About this task: Starting with the line with "глубина 200 мм" in the entries below and going on through the line with "本次活動現(xiàn)場設置", output every line exactly and nothing more. No pictures.

Data supplied:
↓↓↓

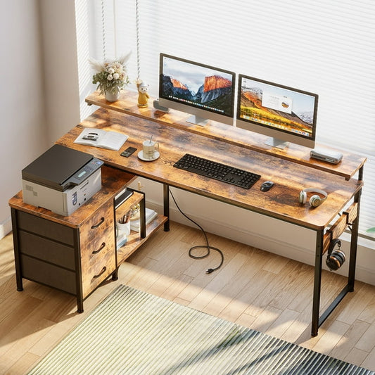 55 inch L Shaped Computer Desk with Drawers & Power Outlets, L-Shaped Gaming Desk with Removable File Cabinet, Reversible Corner Desk with Monitor Stand for Home Office Workstation, Rustic Brown
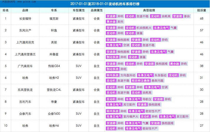 最后来看看上图这组数据,2016年发动机投诉量前十的车型,分别为福克斯、轩逸、英朗、科鲁兹、传祺GS4、哈弗H2、雪铁龙C4L、帝豪、众泰T600、哈弗H6。
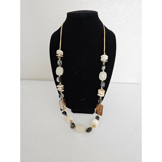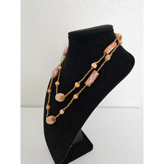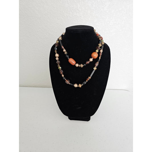 Vintage Mid Century Single Strand Necklace Brown Beige Copper Tone Beads
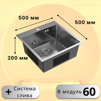 • Размеры чаши, 450 x 400 мм • Габаритные размеры мойки: 500 x 500 мм • Размеры чаши: 450 x 400 мм и глубина 200 мм
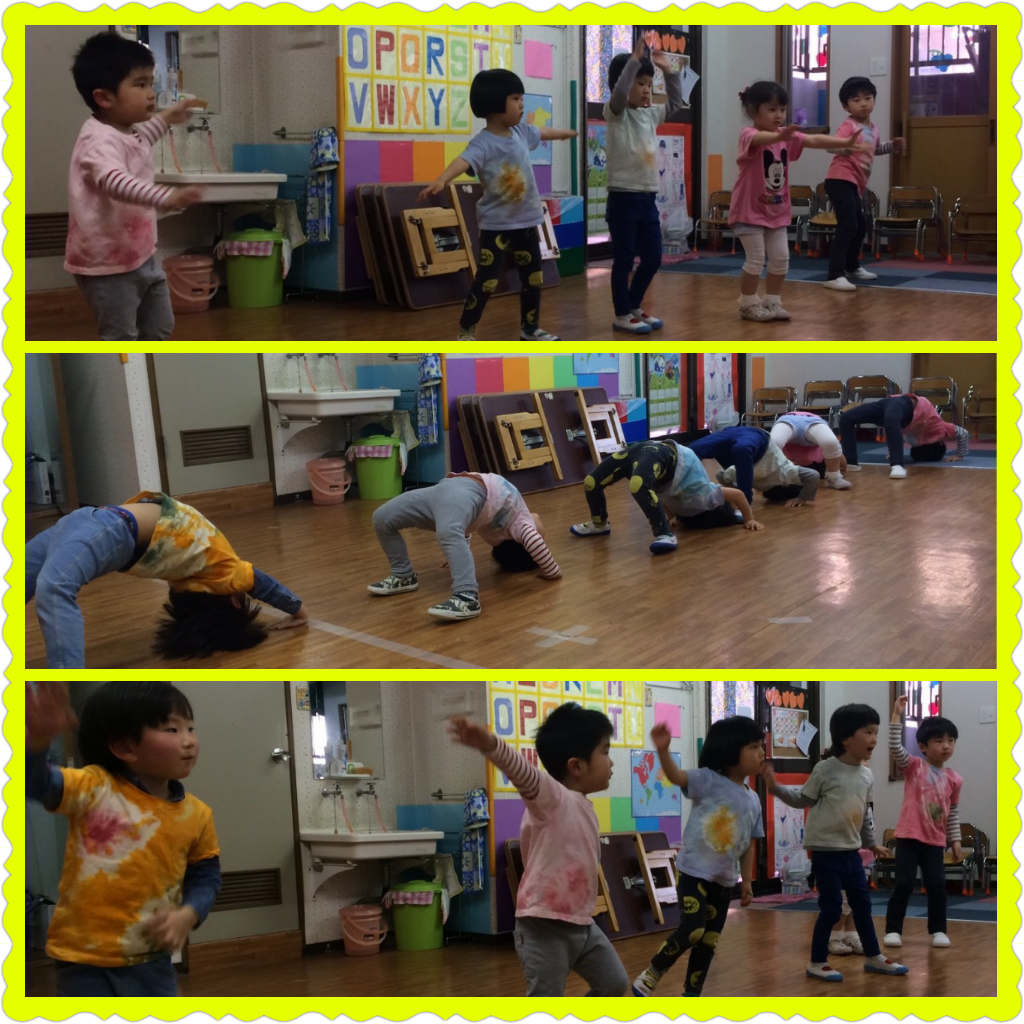 動物の鳴き声や動きの真似っこをした、年少さん。
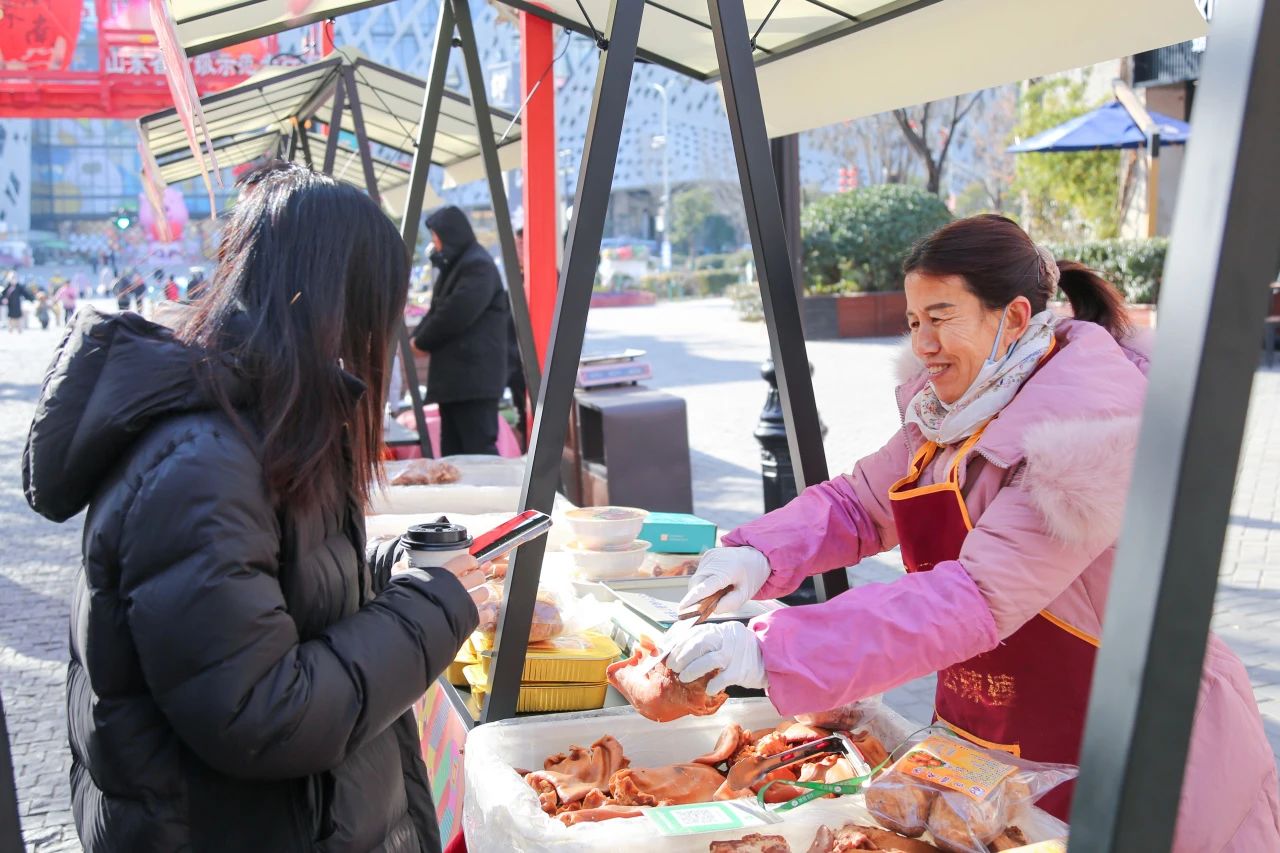 本次活動現(xiàn)場設置展位40余個,商河縣、槐蔭區(qū)興福街道、鋼城區(qū)顏莊街道及建設集團共40余位駐村“第一書記”為市民游客帶來了百余種特色農副產品。其中,商河大酥梨、玉皇廟豆腐皮、玉皇廟核桃酥、七彩野雞蛋、古梨醋飲、梨膏糖、臘八蒜、香酥煎餅、芝麻香油、泉水粉皮等優(yōu)質農特產品“出村進城”,與廣大游客朋友見面,全方位展示了當地豐富的農業(yè)資源和獨特的農副產品,有力推動農業(yè)與文化旅游的深度融合,為鄉(xiāng)村振興注入新的活力。
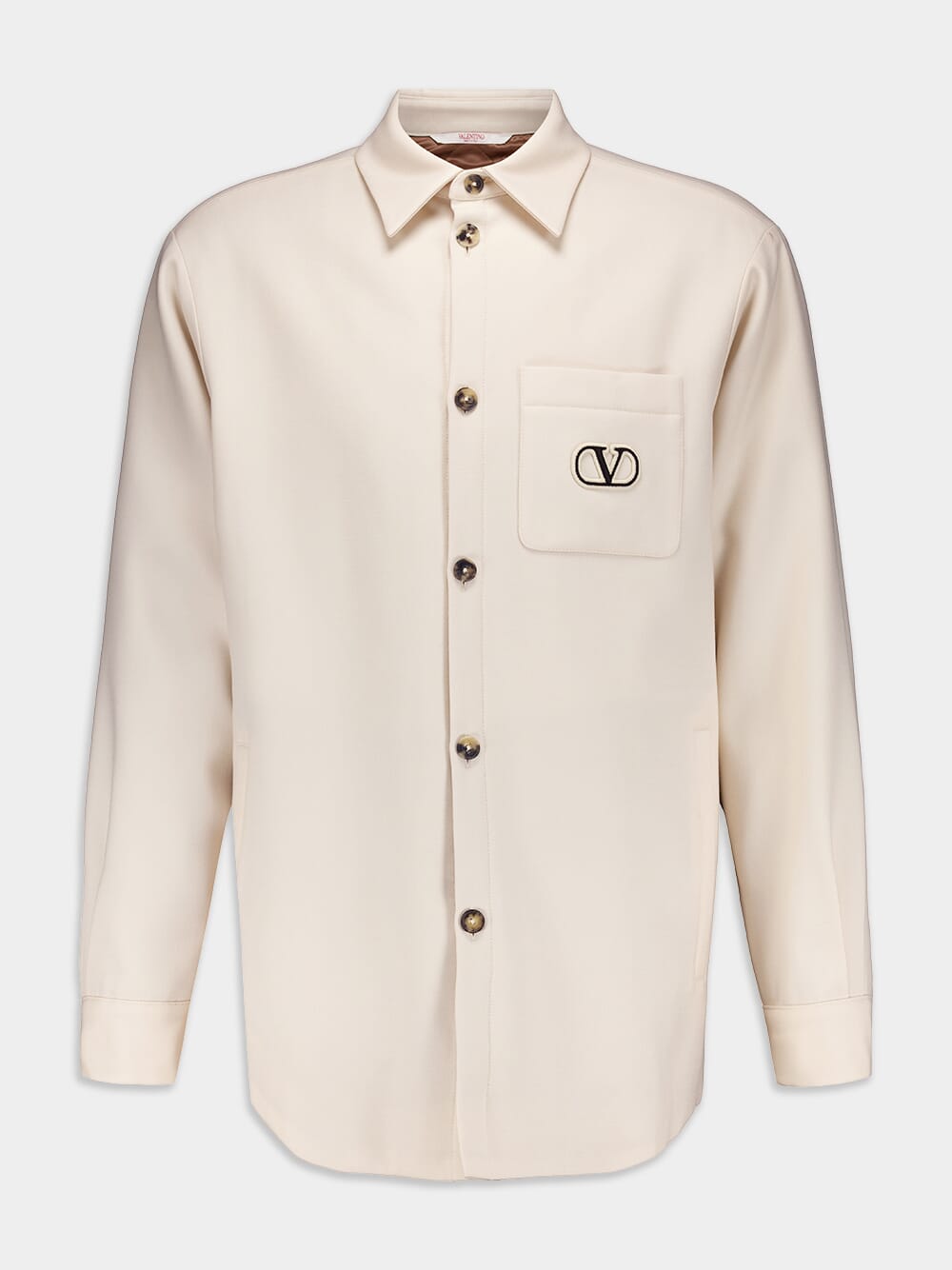 Vlogo Signature Embroidered Shirt Jacket - a perfect blend of style and comfort. Crafted from premium wool, this jacket features a classic point collar, ensuring a timeless look that never goes out of fashion. With its long sleeves and buttoned cuffs, it offers both warmth and versatility, making it an ideal choice for any season. The front button fastening provides effortless wear, while the iconic logo embroidery at the chest adds a touch of sophistication. Complete with a curved hem, this jacket perfectly combines elegance and modernity.

↑↑↑

Exercise output:
 • Размеры чаши, 450 x 400 мм • Габаритные размеры мойки: 500 x 500 мм • Размеры чаши: 450 x 400 мм и глубина 200 мм
 動物の鳴き声や動きの真似っこをした、年少さん。
 本次活動現(xiàn)場設置展位40余個,商河縣、槐蔭區(qū)興福街道、鋼城區(qū)顏莊街道及建設集團共40余位駐村“第一書記”為市民游客帶來了百余種特色農副產品。其中,商河大酥梨、玉皇廟豆腐皮、玉皇廟核桃酥、七彩野雞蛋、古梨醋飲、梨膏糖、臘八蒜、香酥煎餅、芝麻香油、泉水粉皮等優(yōu)質農特產品“出村進城”,與廣大游客朋友見面,全方位展示了當地豐富的農業(yè)資源和獨特的農副產品,有力推動農業(yè)與文化旅游的深度融合,為鄉(xiāng)村振興注入新的活力。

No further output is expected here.